- **THE PROBLEM**:
Restate word for word only the lines running from the one with "Tra i migliori, VeChain" to the end of the data, both ends included. Omit any pictures.

- **SUPPLIED MATERIAL**:
____________
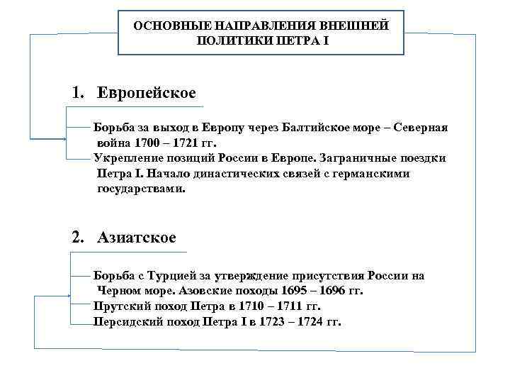 ОСНОВНЫЕ НАПРАВЛЕНИЯ ВНЕШНЕЙ ПОЛИТИКИ ПЕТРА I 1. Европейское Борьба за выход в Европу через Балтийское море – Северная война 1700 – 1721 гг. Укрепление позиций России в Европе. Заграничные поездки Петра I. Начало династических связей с германскими государствами. 2. Азиатское Борьба с Турцией за утверждение присутствия России на Черном море. Азовские походы 1695 – 1696 гг. Прутский поход Петра в 1710 – 1711 гг. Персидский поход Петра I в 1723 – 1724 гг.
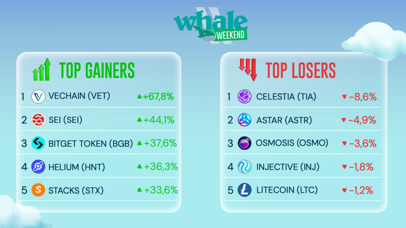 Tra i migliori, VeChain (VET) e Sei (SEI), che sostituiscono Celestia (TIA) e Injective (INJ), per molte settimane tra i “top gainers”. Da un lato per una correzione del prezzo fisiologica dopo dei rally durati molti mesi, dall’altro per i diversi annunci (per VET, soprattutto) che hanno attirato le attenzioni degli investitori.
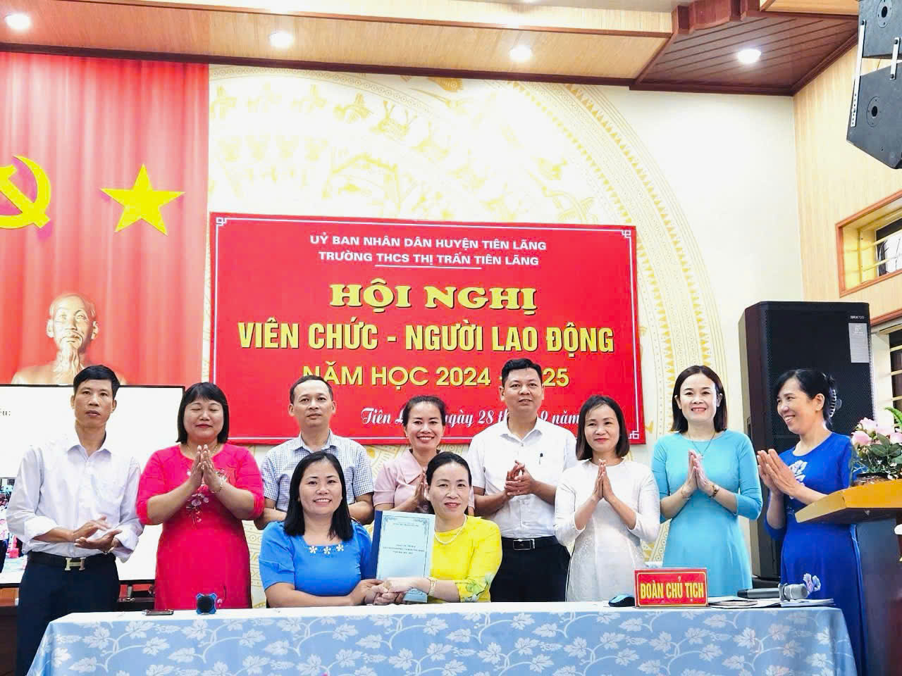 Căn cứ Hướng dẫn số 11/HD – TLĐ ngày 14 tháng 3 năm 2024 của Tổng Liên đoàn Lao động Việt Nam về việc Hướng dẫn Công đoàn tham gia thực hiện dân chủ ở cơ sở; Căn cứ Hướng dẫn số 2474/SGDĐT – TrH ngày 16 tháng 8 năm 2024 của Sở Giáo dục và Đào tạo Hải Phòng về việc hướng dẫn thực hiện nhiệm vụ Giáo dục trung học năm học 2024 – 2025; Căn cứ Kế hoạch số 31/KH – THCS ngày 4 tháng 9 năm 2024 của trường THCS thị trấn Tiên Lãng về Kế hoạch giáo dục nưm học 2024 - 2025;Căn cứ Kế hoạch tháng 9 năm 2024; Chiều ngày 28/9/2024, trường THCS Thị trấn Tiên Lãng đã tổ chức thành công HN cán bộ, viên chức- người lao động.
____________
- **OUTPUT**:
 Tra i migliori, VeChain (VET) e Sei (SEI), che sostituiscono Celestia (TIA) e Injective (INJ), per molte settimane tra i “top gainers”. Da un lato per una correzione del prezzo fisiologica dopo dei rally durati molti mesi, dall’altro per i diversi annunci (per VET, soprattutto) che hanno attirato le attenzioni degli investitori.
 Căn cứ Hướng dẫn số 11/HD – TLĐ ngày 14 tháng 3 năm 2024 của Tổng Liên đoàn Lao động Việt Nam về việc Hướng dẫn Công đoàn tham gia thực hiện dân chủ ở cơ sở; Căn cứ Hướng dẫn số 2474/SGDĐT – TrH ngày 16 tháng 8 năm 2024 của Sở Giáo dục và Đào tạo Hải Phòng về việc hướng dẫn thực hiện nhiệm vụ Giáo dục trung học năm học 2024 – 2025; Căn cứ Kế hoạch số 31/KH – THCS ngày 4 tháng 9 năm 2024 của trường THCS thị trấn Tiên Lãng về Kế hoạch giáo dục nưm học 2024 - 2025;Căn cứ Kế hoạch tháng 9 năm 2024; Chiều ngày 28/9/2024, trường THCS Thị trấn Tiên Lãng đã tổ chức thành công HN cán bộ, viên chức- người lao động.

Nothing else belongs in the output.